A few weeks ago on the Telos Ministries Facebook page an atheist whom I shall call FF showed up with a challenge to the presuppositional apologetics (PA) I employ. This apologetic method uses a transcendental critique of opposing positions; what Cornelius Van Til referred to as non-Christian philosophies of life. Van Til wrote:
A truly transcendental argument takes any fact of experience which it wishes to investigate, and tries to determine what the presuppositions of such a fact must be, in order to make it what it is…
It is the firm conviction of every epistemologically self-conscious Christian that no human being can utter a single syllable, whether in negation or in affirmation, unless it were for God’s existence. Thus the transcendental argument seeks to discover what sort of foundations the house of human knowledge must have, in order to be what it is. – A Survey of Christian Epistemology, 10, 11.

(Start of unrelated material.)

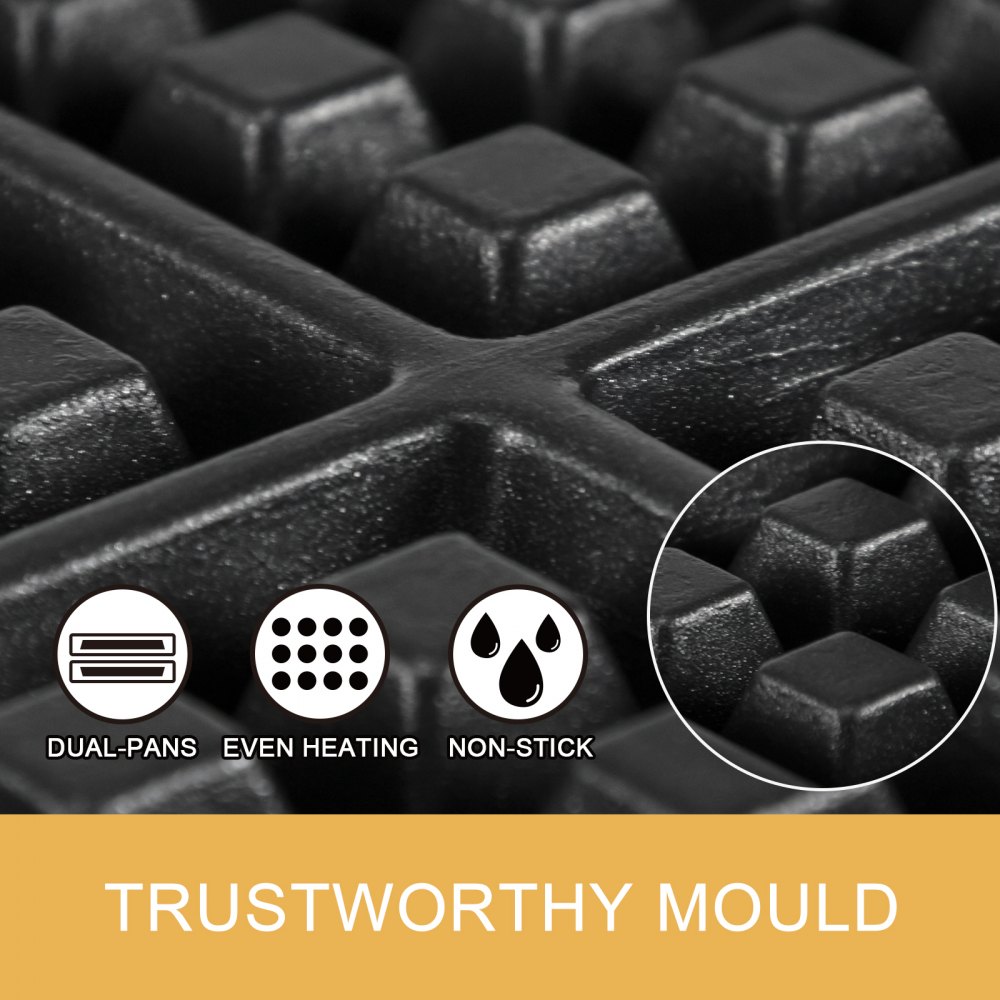 【SZEROKIE ZASTOSOWANIE】 - Gofry robione naszą maszyną są puszyste w środku i chrupiące na zewnątrz. Możesz dodać czekoladę, cukierki lub owoce według własnych upodobań, aby nadać ciepłym gofrom inny smak. Dobry wybór dla piekarni, restauracji, kiosków, stołówek itp.

Thus, Van Til’s presuppositional apologetic is an all-or-nothing approach. As he says on the next page:
It thus appears that we must take the Bible, its conception of sin, its conception of Christ, and its conception of God and all that is involved in these concepts together, or take none of them. So also it makes very little difference whether we begin with the notion of an absolute God or with the notion of an absolute Bible. The one is derived from the other. They are together involved in the Christian view of life. Hence we defend all or we defend none. – Ibid, 12
I belabor the point because PA is so often misrepresented and hence its thrust is bypassed. As we shall see, FF has not grasped the argument. (As I argue against him I want to be respectful of him as a person. I want FF to be saved by Christ and turn from his nihilistic point of view. I am not in this to just win an argument. Any seeming disrespect is certainly not intentional).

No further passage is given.